SVM model with RBF kernel provides the highest performance amongst all algorithms, because it has highest AUC, accuracy, low FPR and high TPR (close to 1). LDA, kNN and GLM also showed quite good results. Naive Bayes performed weaker across the board with low AUC, accuracy and TPR. Random Forest showed average success.

It is quite expected that SVM with RBF kernel outperformed other models, because it usually works well even on a small data sets - when the amount of samples is small, but greater than the number of features, as in our case.

Naive Bayes was a weak model. All variables in our data set are categorical and if categorical variable has a category (in test data set), which was not observed in training data set, then model will assign a 0 (zero) probability and will be unable to make a prediction. This is often known as “Zero Frequency”. To solve this, we can use the smoothing technique. One of the simplest smoothing techniques is called Laplace estimation. Also Naive Bayes needs big data set in order to make reliable estimations of the probability of each class, otherwise precision and recall will keep very low. And the assumption of independence among predictors makes Naive Bayes model hard to use, because in real life, it is almost impossible that we get a set of predictors which are completely independent.

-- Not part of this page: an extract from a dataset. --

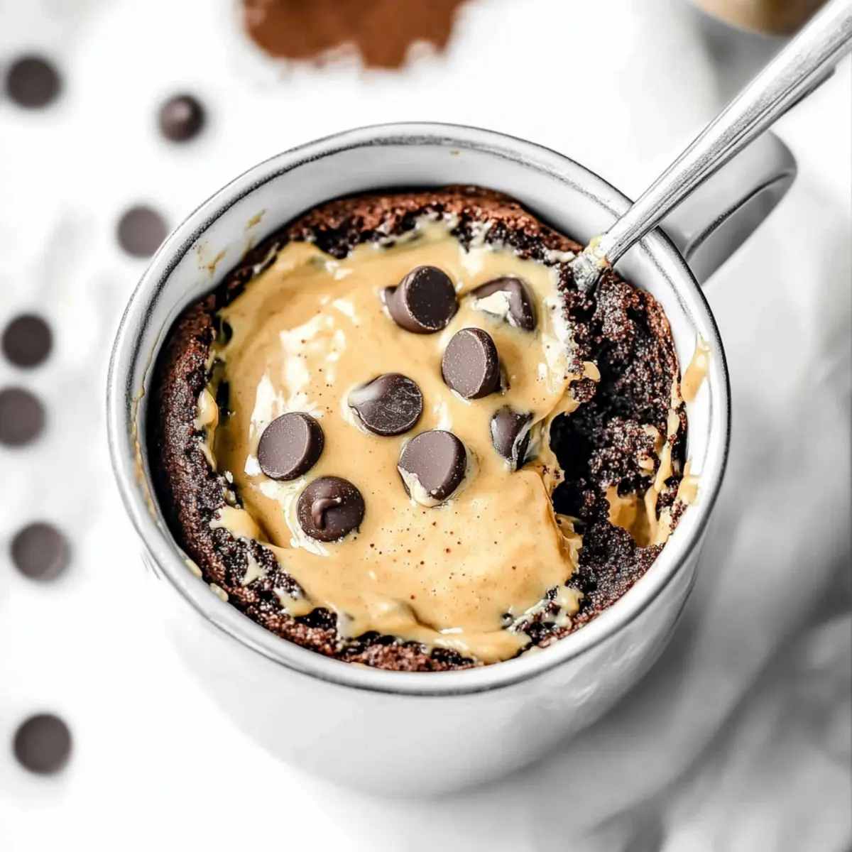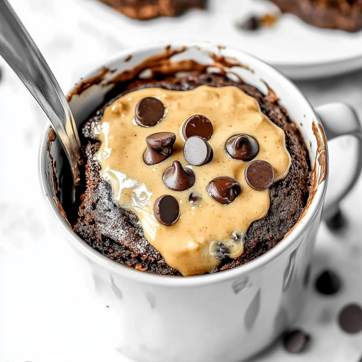 “Who knew that a simple mug could hold such a decadent secret? My journey into the world of quick, homemade desserts led me to create this delightful 5-Ingredient Flourless Peanut Butter Brownie Mug Cake. In less than three minutes, you can whip up a fudgy, rich cake that’s gluten-free, oil-free, and refined sugar-free! It’s the perfect indulgence for those of us craving a sweet treat without the guilt. This mug cake is not only a speedy solution for dinner-party desserts, but it also doubles as a nourishing snack when the chocolate cravings strike. Ready to elevate your dessert game with this effortless creation? Let’s dive into this wholesome recipe together!” Why is this mug cake a must-try? Simplicity at Its Finest: With only five ingredients, this mug cake is quick and easy to whip up, making it a perfect solution for those last-minute dessert cravings. Decadent Flavor: The rich chocolatey taste combined with creamy peanut butter creates an indulgent experience that satisfies even the strongest sweet tooth. Gluten-Free Goodness: No flour, no problem! This cake caters to those avoiding gluten while still delivering a delightful treat. Quick Cooking Time: In just under three minutes, your dessert is ready to enjoy—perfect for busy individuals always on the go. Crowd-Pleasing Delight: Serve it at gatherings or enjoy it alone; this mug cake is versatile and beloved by all! For more delicious quick desserts, check out Chewy Brown Butter Chocolate Chip Cookies that will wow your guests! Flourless Peanut Butter Brownie Ingredients • Ready to make this delicious Flourless Peanut Butter Brownie? Here’s what you need: For the Batter Ripe Banana – Adds moisture and natural sweetness, acting as a perfect substitute for oil or butter. Peanut Butter – Provides healthy fats and acts as a binder; almond or cashew butter can be swapped for different flavors. Cocoa Powder – Replaces flour while adding a rich chocolate flavor; use high-quality dark cocoa for the best results. Chocolate Chips – Adds gooey texture; opt for sugar-free chocolate chips if you’re looking for a sugar-free treat. Baking Powder – Aids in creating that fluffy, brownie-like texture you crave. Enjoy your journey into this flourless dessert indulgence! Step‑by‑Step Instructions for Flourless Peanut Butter Brownie Mug Cake Step 1: Mash the Banana Begin by peeling a ripe banana and placing it in a microwave-safe mug. Use a fork to thoroughly mash it until smooth, ensuring there are no lumps left. This banana will provide moisture and natural sweetness to your Flourless Peanut Butter Brownie Mug Cake. Aim for a smooth consistency in about one minute of mashing. Step 2: Mix in the Peanut Butter Add a generous scoop of peanut butter to the mashed banana in the mug. Use your fork to mix these two ingredients together until they are well combined and creamy. This should take about 30 seconds to one minute. You want the mixture to be cohesive and free of lumps, creating a delicious, rich base for your brownie. Step 3: Add Cocoa Powder and Baking Powder Sprinkle cocoa powder and baking powder into the banana and peanut butter mixture. Stir vigorously until all the ingredients are fully incorporated, creating a thick, chocolatey batter. This step should take about 30 seconds. The cocoa will give your Flourless Peanut Butter Brownie Mug Cake a rich flavor, while the baking powder adds a lightness to the texture. Step 4: Fold in the Chocolate Chips Now, it’s time to add a handful of chocolate chips to the batter for that gooey texture. Gently fold them into the mixture using your fork, ensuring they’re evenly distributed throughout the brownie batter. This step takes about 20 seconds. The chocolate chips will melt slightly during cooking, enhancing the dessert’s indulgent nature. Step 5: Microwave the Mug Cake Place the mug in the microwave and cook on high for 60 seconds. After this time, check the cake’s consistency; it should look set on the surface but remain fudgy in the center. If needed, microwave for additional 15-second intervals. Be careful not to overcook, as you want it to retain its moist texture. Step 6: Cool and Enjoy Once cooked, carefully remove the mug from the microwave (it will be hot!). Allow the Flourless Peanut Butter Brownie Mug Cake to cool for a minute before indulging. You can top it with a dollop of Greek yogurt or a scoop of ice cream, if desired, to make it even more delightful. Enjoy your creation warm for the best experience! Storage Tips for Flourless Peanut Butter Brownie Fridge: Store any leftover Flourless Peanut Butter Brownie mug cake in an airtight container in the refrigerator for up to 2 days. This helps maintain its fudge-like texture and flavor. Freezer: If you want to keep it longer, freeze the mug cake in a freezer-safe container for up to 1 month. Allow it to cool completely before wrapping it tightly to prevent freezer burn. Reheating: To enjoy a previously refrigerated or frozen mug cake, reheat in the microwave for 15-30 seconds until warm. Be cautious not to overheat, as this can dry out the cake. Serving Idea: Treat yourself to a cozy dessert by adding a dollop of whipped cream or a scoop of ice cream on top after reheating! Make Ahead Options These Flourless Peanut Butter Brownie Mug Cakes are perfect for meal prep enthusiasts! You can mash the ripe banana and mix it with peanut butter, cocoa powder, and baking powder in the mug up to 24 hours in advance. Simply refrigerate the prepared mug mixture, covered, to keep it fresh and prevent browning. When you’re ready to indulge, add the chocolate chips and microwave it for just 60 seconds, adjusting up to 15 seconds more if needed for a fudgy center. This method ensures that you can enjoy a delicious, guilt-free dessert without the stress of preparation on busy weeknights! Expert Tips for Flourless Peanut Butter Brownie Use Ripe Bananas: The riper the banana, the sweeter and more flavorful your mug cake

AUC would be preferred measure of classifier performance than accuracy for the following reasons:

AUC does not bias on size of evaluation data
Also accuracy depends on setting a probability cut-off (for balanced data this is fine, but in the imbalanced case the minority class probabilities may be all below 0.5, while AUC considers the ranking of positives and negative according to probability minority.)
Metric like accuracy is calculated based on the class distribution of test dataset or cross-validation, but this ratio may change when we apply the classifier to real life data, because the underlying class distribution has been changed or unknown. On the other hand, TP rate and FP rate which are used to construct AUC will be not be affected by class distribution shifting.